[Records drawn from a dataset]
========================================================================

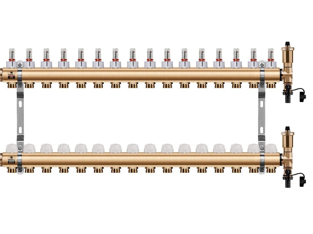 Podlahový rozdeľovač WIGELL, 16 okruhov, mosadzný + automatické odvzdušňovanie
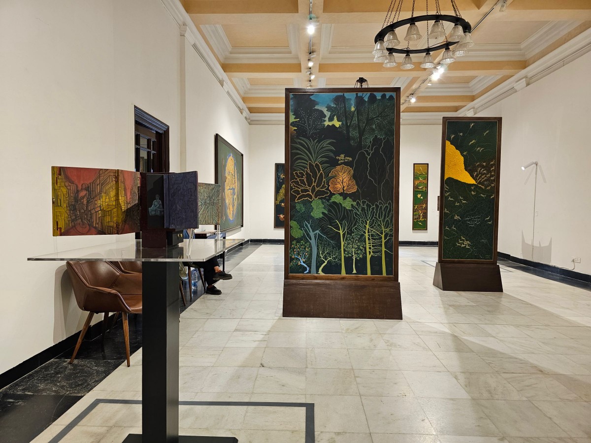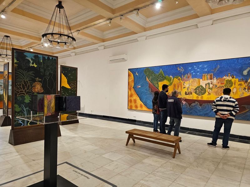 Besides large paintings on canvas, were other works, fashioned like stand-alone screens, with paintings on both sides. Another set of images referenced Kaavads, the folding portable shrines that were carried by traders from Rajasthan in the not too distant past, on their long journeys across vast territories, as they built their networks of exchange. Produced over a five year period with his assistants in his studio in Vadodara, the artworks on view, while visually sensual, also required an art historical unpacking to get to the depths of their meaning.
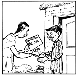 ![]() | Afin de créer un premier intérêt pour la (rizi)pisciculture améliorée, il faut faire de la sensibilisation (= information). Les (rizi)pisciculteurs traditionnels constituent le groupe cible pour les amener à démarrer la (rizi)pisciculture améliorée. La sensibilisation pourra être effectuée à l'attention du grand public, aux petits groupes et au niveau individuel. En général, une sensibilisation aux petits groupes de 25–30 personnes est la manière la plus efficace au point de vue temps investi-résultat, surtout quand on pratique une approche de participation active. |
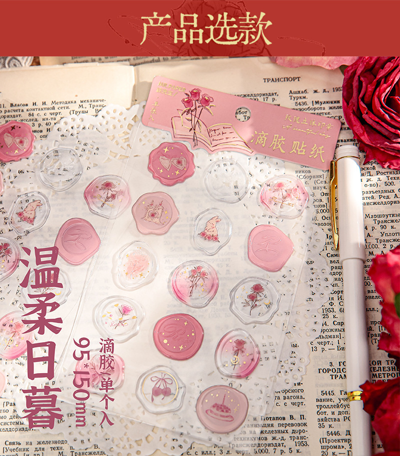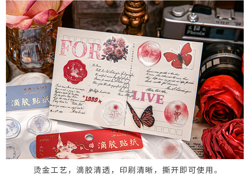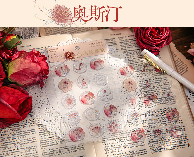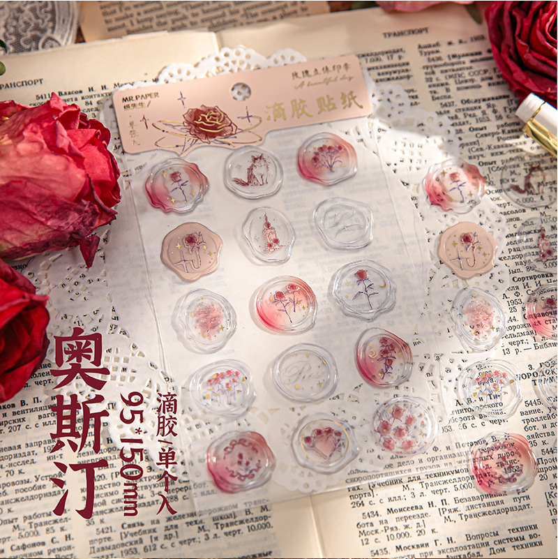 로즈 시리즈 화재 증거 페인트 씰 재료 손 계정 장식 콜라주의 이름에 스티커 미스터 종이 스테레오 접착제 드롭
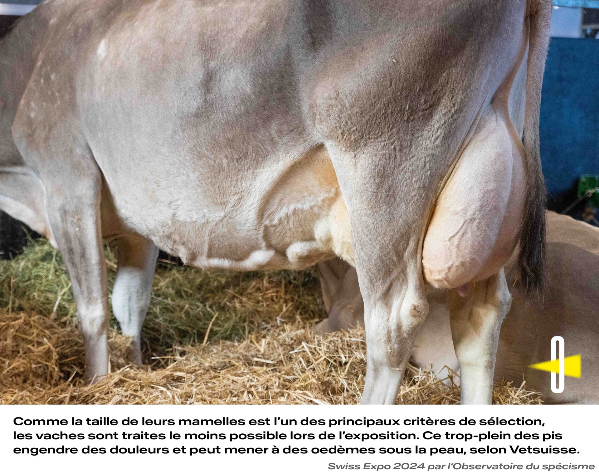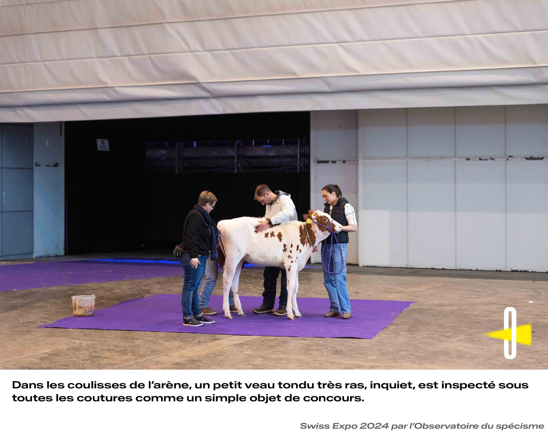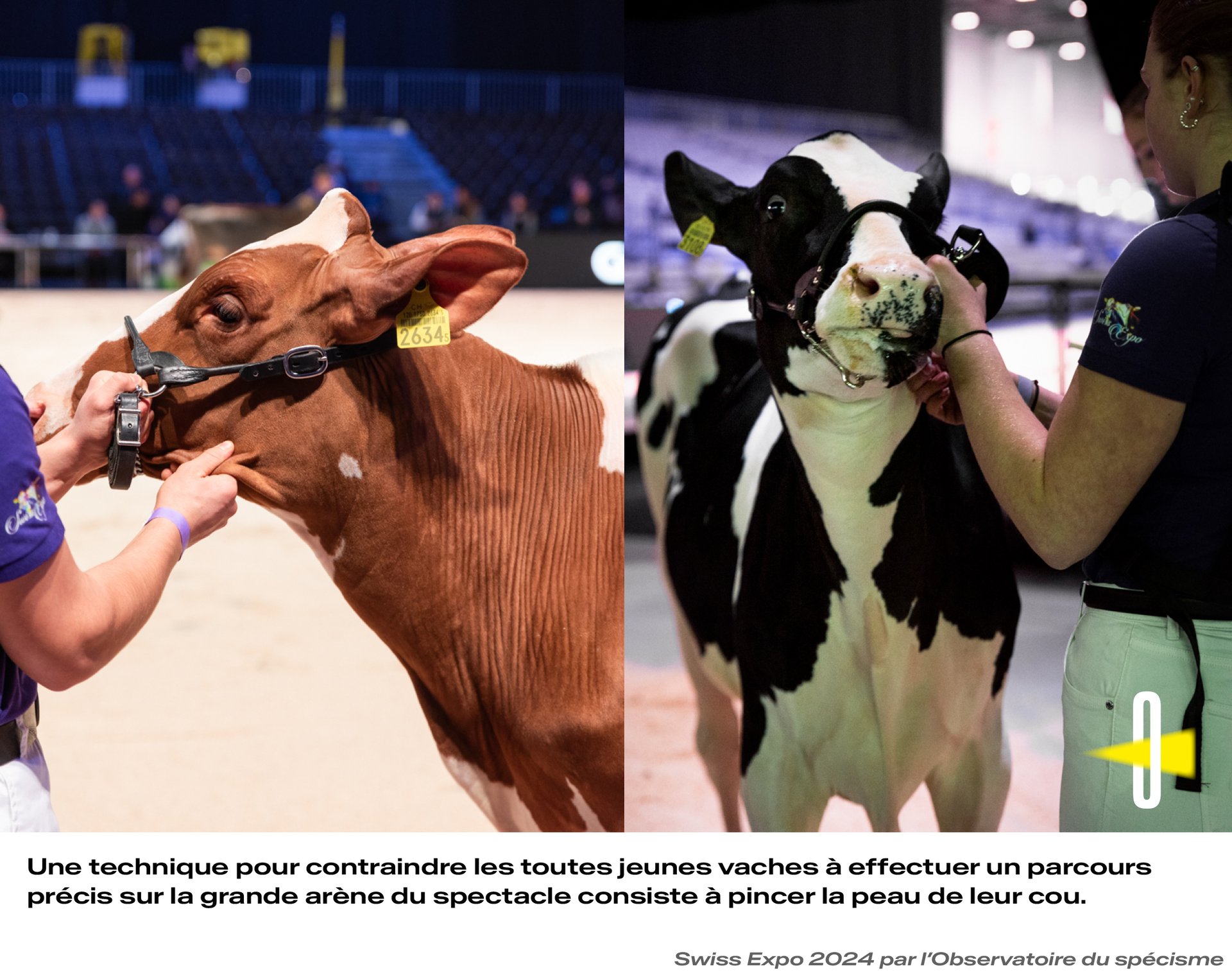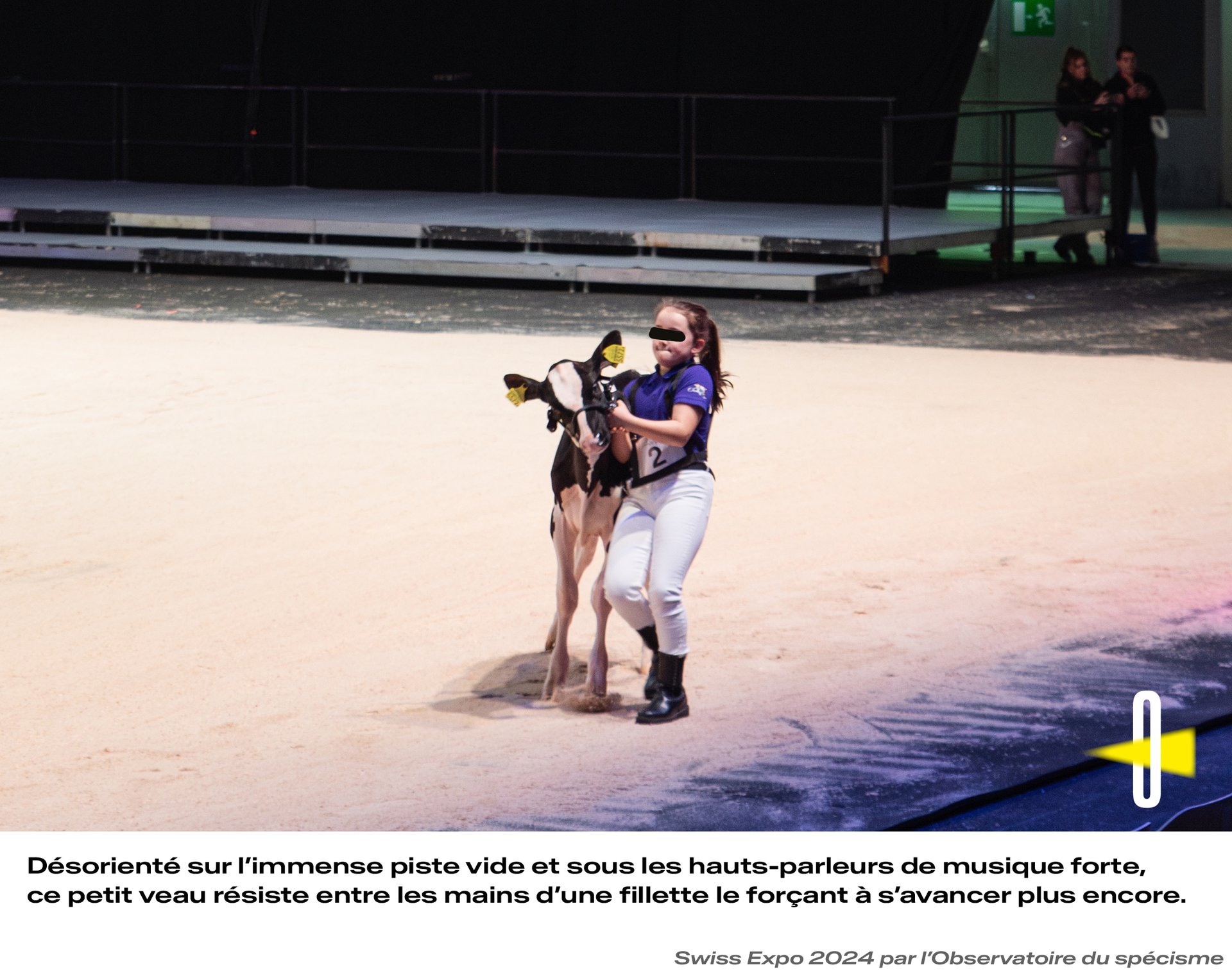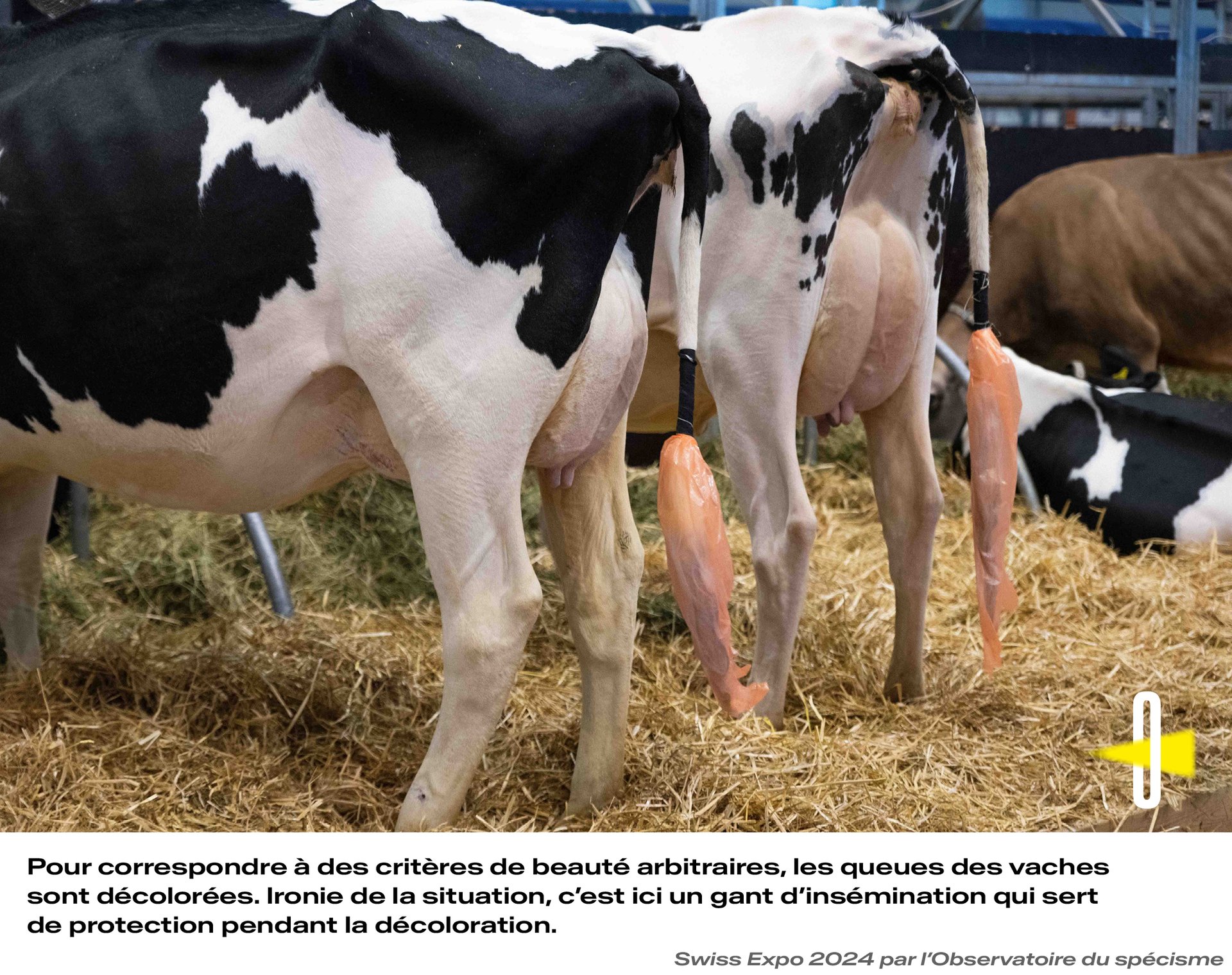Swiss Expo, qui se définit comme «le concours laitier n°1 en Europe», exhibe chaque année près de 1000 vaches dans de grandes halles où elles subissent la musique constante, le brouhaha, les néons et la foule. Elles sont forcées de parader sur un ring où elles sont réduites à des objets de compétition, à des propriétés évaluées pour leur productivité et leur correspondance à des normes esthétiques arbitraires, purs résultats de manipulations génétiques. Les lauréates de ces expositions sont condamnées à une vie de servitude, destinées à être exploitées jusqu'à ce que leur dernier souffle serve l'industrie laitière insatiable. Si elles vivent en moyenne quelques années de plus que les autres vaches, c’est dans le but d’être inséminées plus longtemps pour donner naissance à des veaux dont les propriétaires pourront vanter la génétique.

========================================================================

What needs to be done >> Write out nothing but the lines from the start of the data through the line with "로즈 시리즈 화재 증거". Leave out the pictures.

Written solution >>
 Podlahový rozdeľovač WIGELL, 16 okruhov, mosadzný + automatické odvzdušňovanie
 Besides large paintings on canvas, were other works, fashioned like stand-alone screens, with paintings on both sides. Another set of images referenced Kaavads, the folding portable shrines that were carried by traders from Rajasthan in the not too distant past, on their long journeys across vast territories, as they built their networks of exchange. Produced over a five year period with his assistants in his studio in Vadodara, the artworks on view, while visually sensual, also required an art historical unpacking to get to the depths of their meaning.
 ![]() | Afin de créer un premier intérêt pour la (rizi)pisciculture améliorée, il faut faire de la sensibilisation (= information). Les (rizi)pisciculteurs traditionnels constituent le groupe cible pour les amener à démarrer la (rizi)pisciculture améliorée. La sensibilisation pourra être effectuée à l'attention du grand public, aux petits groupes et au niveau individuel. En général, une sensibilisation aux petits groupes de 25–30 personnes est la manière la plus efficace au point de vue temps investi-résultat, surtout quand on pratique une approche de participation active. |
 로즈 시리즈 화재 증거 페인트 씰 재료 손 계정 장식 콜라주의 이름에 스티커 미스터 종이 스테레오 접착제 드롭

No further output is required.